Tout ce travail de reconstitution, mené sur le temps scolaire, n’avait pas pour seule vertu le devoir de mémoire : comme le souligne l’enseignante, cette longue enquête a permis aux élèves de toucher à un large éventail de disciplines. « On a fait des productions d’écrits, de la lecture, de la compréhension, du chiffrage de document… Un peu d’anglais, aussi, et de l’art plastique. Puis on est venu en forêt, où ils ont endossé les ­costumes ».

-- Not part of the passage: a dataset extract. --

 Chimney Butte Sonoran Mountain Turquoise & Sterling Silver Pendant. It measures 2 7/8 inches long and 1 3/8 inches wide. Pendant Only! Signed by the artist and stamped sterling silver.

Voilà qui fut peut-être le point d’orgue de cette incroyable entreprise : accompagnés de Christophe Guillemet, la classe s’est rendue sur les lieux du crash, vêtus de costumes d’époque, pour reconstituer sous la forme d’un reportage photo toute l’histoire de l’évasion du rescapé, depuis la forêt jusqu’à son départ de Paris vers le Royaume-Uni. Ils sont même parvenus à mettre la main sur des vestiges du crash, à même le sol, dont une bonbonne de gonflage d’un des radeaux de sauvetage et un morceau de tôle tordue, identifié grâce aux passionnés d’un forum spécialisé aux États-Unis : il s’agit d’un fragment de plaque de blindage du bombardier. « C’est la première fois que je touchais à des détecteurs de métaux, se souvient avec amusement Jean-Jacques Nicot, élu de la Ville de Poissy et présent lors d’une fouille des lieux. Et à un moment donné, ça sonne ! Alors on a continué avec Christophe (Guillemet, Ndlr) avant de revenir pour creuser ». Ces objets sont désormais sagement conservés pour les ­prochaines ­générations d’écoliers.

Les élèves ont eux-mêmes imaginé la stèle, des matériaux utilisés aux symboles représentés.

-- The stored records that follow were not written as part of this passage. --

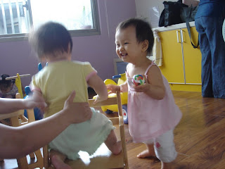 另外當孩子不乖的時候,不要生氣的說「不要打人」、「不要丟東西」,要知道我們大人激動會刺激小孩更興奮,就會更努力打人、丟東西來刺激我們。我們該做的事是轉移小孩的注意力。像之前班上有個小朋友一直想打人,老師就請他幫忙到旁邊擦桌子,擦了好多桌子之後,小朋友已經不想打人了,老師因此有機會可以跟小朋友說謝謝,這樣小朋友也會很開心。(我晚上和老公分享到這點時,我們兩個都嘆息說我們要再努力。畢竟有時候小孩不守規矩時,要壓下自己的怒氣真的是很困難,當爸媽真不容易,一切都要從新學習、從新磨練。)
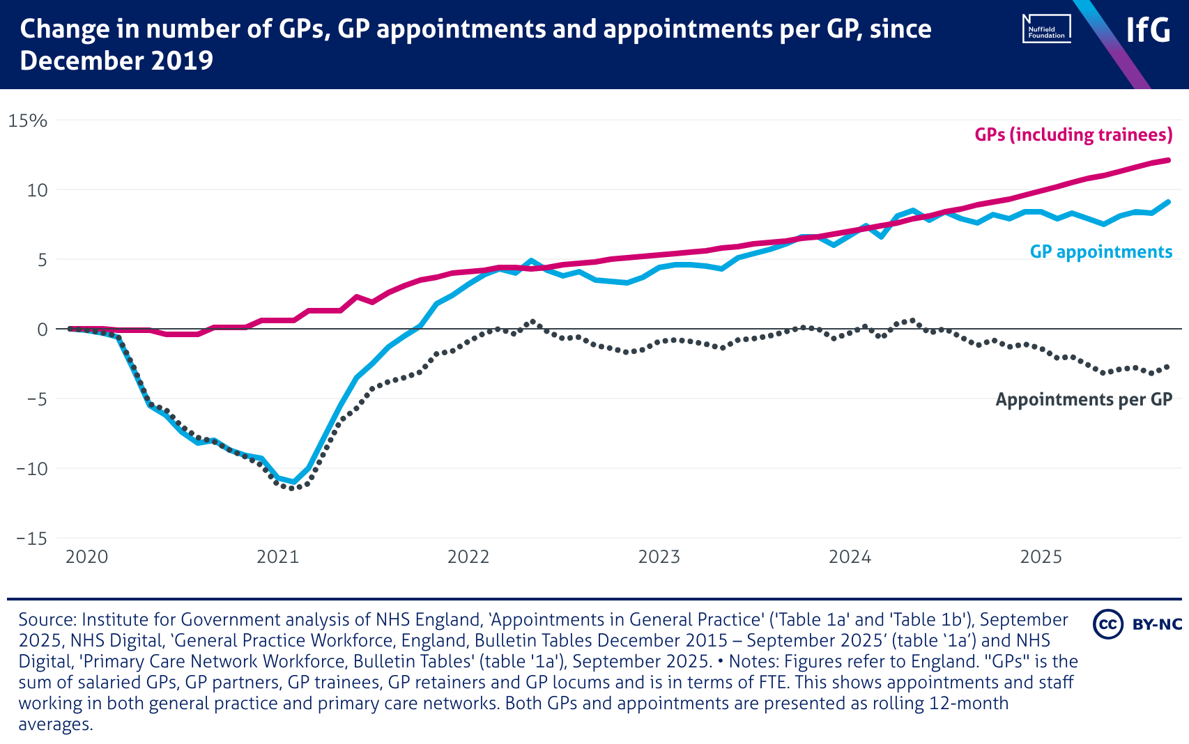 A line chart from the Institute for Government showing change in number of GPs, GP appointments and appointments per GP since December 2019, where GP numbers and appointments have both risen, but appointments per GP have fallen. The total number of GPs (including trainees) have increased by 12.1%, and appointments by 9.1%, while appointments per GP have dropped by nearly 3%.
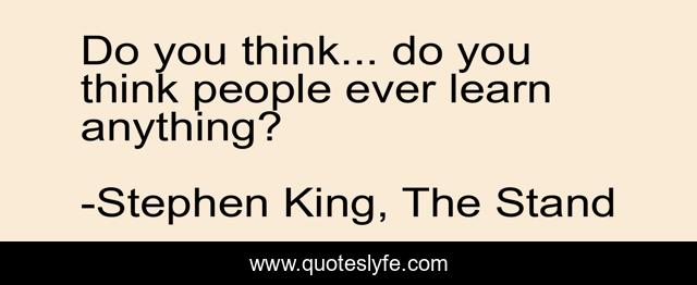This page presents the quote "Do you think... do you think people ever learn anything?". Author of this quote is Stephen King, The Stand. This quote is about the-stand, question, learning, people,.
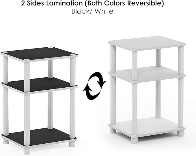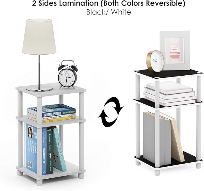 Furinno Just 3-Tier Turn-N-Tube End Table / Side Table / Night Stand / Bedside Table with Plastic Poles, 1-Pack, White(Espresso)/White

Tous les éléments de l’enquête ont ensuite été rassemblés dans un album animé, réalisé par Laurence Laffont et ses élèves, et lauréat du concours du jeune historien des Yvelines du conseil départemental lors d’une cérémonie en juin dernier. Une belle récompense à laquelle s’est donc ajoutée la création de la stèle commémorative du parc de la Charmille, qui a été imaginée par les élèves et leur institutrice, des matériaux utilisés jusqu’aux symboles représentés. « C’est la concrétisation, un aboutissement presque inespéré parce qu’au début, c’était un rêve un peu fou, avoue Laurence Laffont. C’est génial, j’aime faire des projets comme ça, ça sort des sentiers battus du strictement scolaire et même sans en avoir l’air, ils travaillent ».

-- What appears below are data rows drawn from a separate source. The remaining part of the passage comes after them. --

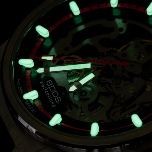 Мужские механические часы с автоподзаводом Epos из коллекции Sportive — это стильный и технологичный аксессуар с швейцарским качеством. Корпус диаметром 41 мм и толщиной 11 мм выполнен из нержавеющей стали 316L. Циферблат чёрного цвета с красными и серыми акцентами частично скелетонизирован, что позволяет наблюдать за работой механизма. Циферблат защищён сапфировым стекломСапфировое стеклоПрочный и надёжный материал из кристалла сапфира синтетического происхождения, характеризующийся особой твёрдостью и устойчивостью к царапинам и повреждениям.. Механизм — швейцарский калибр Sellita SW200 с запасом хода 38 часов. Завинчивающаяся коронка обеспечивает дополнительную защиту. Прозрачная задняя крышка открывает вид на декорированный механизм. Часы оснащены стальным браслетом на раскладной застёжкеРаскладная застёжкаТакой тип застёжки используется только на браслетах из металла. Она никогда не раскрывается полностью, происходит разделение на 2 и более частей. Раскладывающая застёжка снизит вероятность потери часов к минимуму.. Водонепроницаемость 100 м позволяет использовать часы для плавания и повседневного ношения. Гарантия — 24 месяца. Универсальный выбор для ценителя механики и современного дизайна.
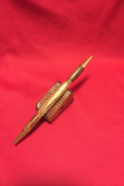 The center is Oak, the black end is cocabolo and the red end is mystery found wood that had red hues in the heart wood.
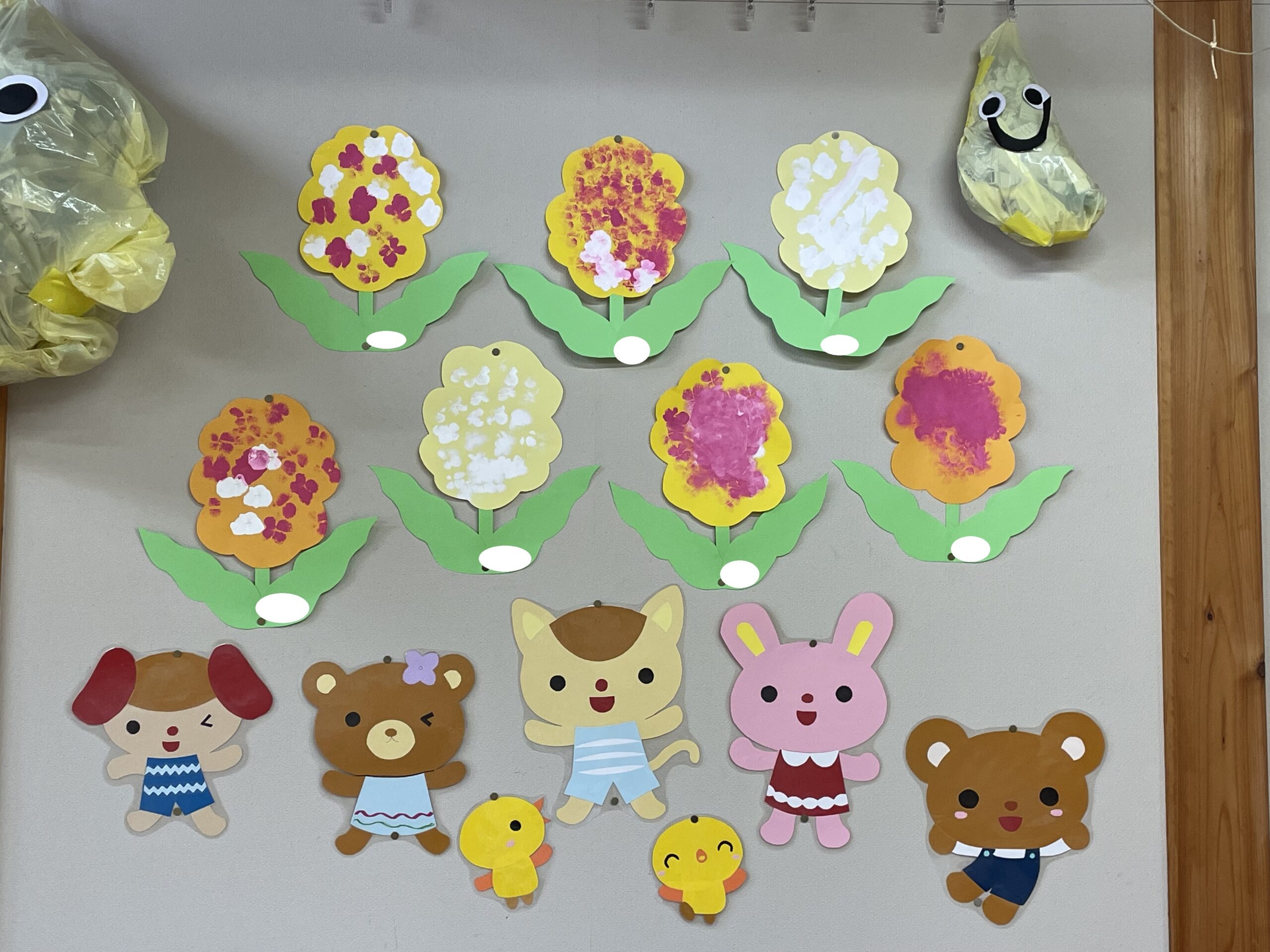 タンポポ、タンポポの綿毛などが園庭で可愛く咲いています! 春の花に興味をもつ子もいたので、子どもたちと菜の花作りを行いました。 自分だけの菜の花を作ることができましたよ♪
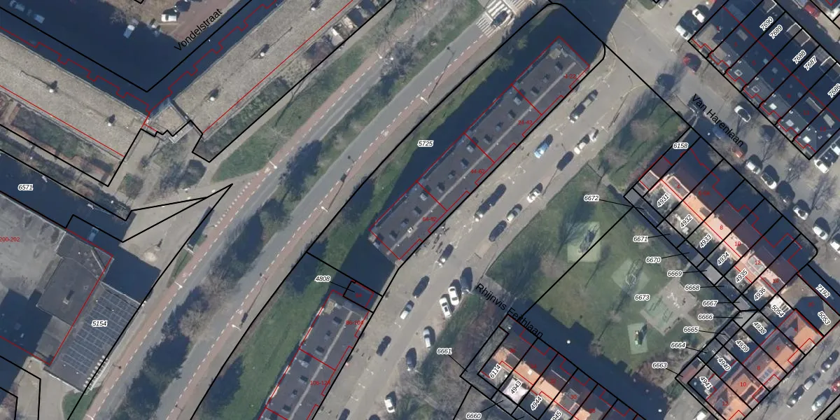 Het adres is gelegen op perceel 5725 in de sectie F en de kadastrale gemeente Alkmaar. De kadastrale aanduiding is aldus AMR01-F-5725. De oppervlakte van het perceel is 1625 m². Dat is groter dan gemiddeld in Alkmaar, waar de gemiddelde perceeloppervlakte op 816,94 m² ligt. De grootste perceeloppervlakte in de kadastrale gemeente is 28,3 ha. De kleinste oppervlakte bedraagt 0 m². Er zijn 40 adressen aanwezig op het perceel. In de Basisregistratie Kadaster (BRK) werden de grenzen van het perceel geregistreerd op 31-05-2010.
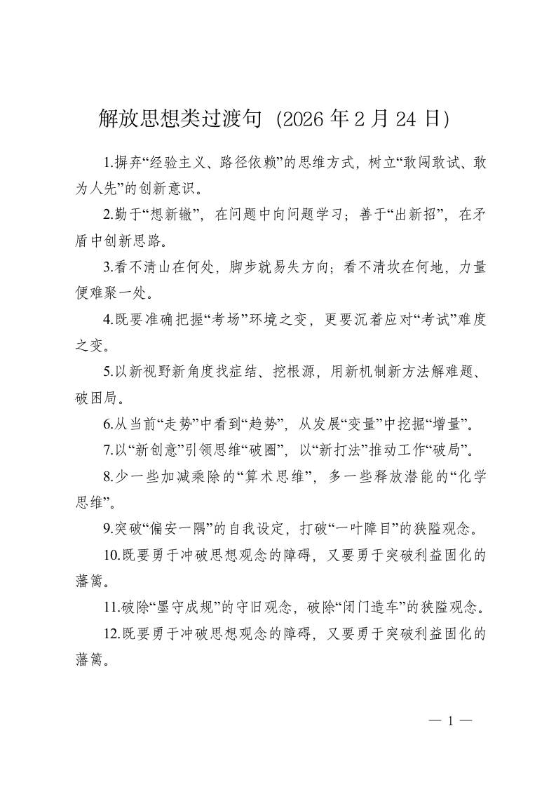 首页写作提升过渡句解放思想类过渡句(2026年2月24日)
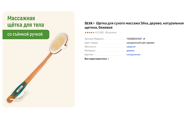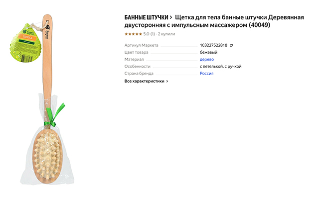 Бежевая деревянная щетка с импульсным массажером от бренда «Банные штучки» сочетает функциональность и эстетику. Благодаря импульсному массажеру ею удается добиться очищения кожи тела. Выполненная из дерева щетка с длинной ручкой обеспечивает комфортный сеанс: ее конструкция позволяет проводить полный массаж всего тела, в том числе труднодоступных зон. Эргономичный дизайн ручки обеспечивает простоту использования. Щетку используют как в домашнем уходе, так и приобретают для бани. По отзывам, у щетки для сухого массажа есть петелька — видно, что производитель подумал обо всех деталях.

Ce travail pas comme les autres a ainsi que connu sa consécration ce samedi 14 février, avec la présence d’élus dont la sous-préfète de Saint-Germain-en-Laye, Laëtitia Cesari-Giordani, qui a félicité les auteurs de « ce magnifique projet de mémoire », tout comme la maire pisciacaise Sandrine Berno dos Santos. « Vous avez mené un travail remarquable, a déclaré l’édile aux enquêteurs en herbe. […] Vous avez permis à ces hommes de ne plus être seulement des victimes de la guerre, mais de redevenir des visages, des noms et des destins. Vous avez montré que la mémoire peut être portée par des jeunes, que l’Histoire n’est pas seulement dans les livres. Mes chers enfants, par votre engagement, vous avez pris le relais de notre responsabilité de transmission. Vous êtes la preuve que la mémoire continue, et vous êtes la preuve que la relève est là ». En quittant le parc de la Charmille, on ne pouvait qu’acquiescer. Car si l’enquête est désormais bouclée et la stèle ancrée dans le sol pisciacais, c’est dans l’esprit des citoyens de demain que cet héritage sera le plus vivace.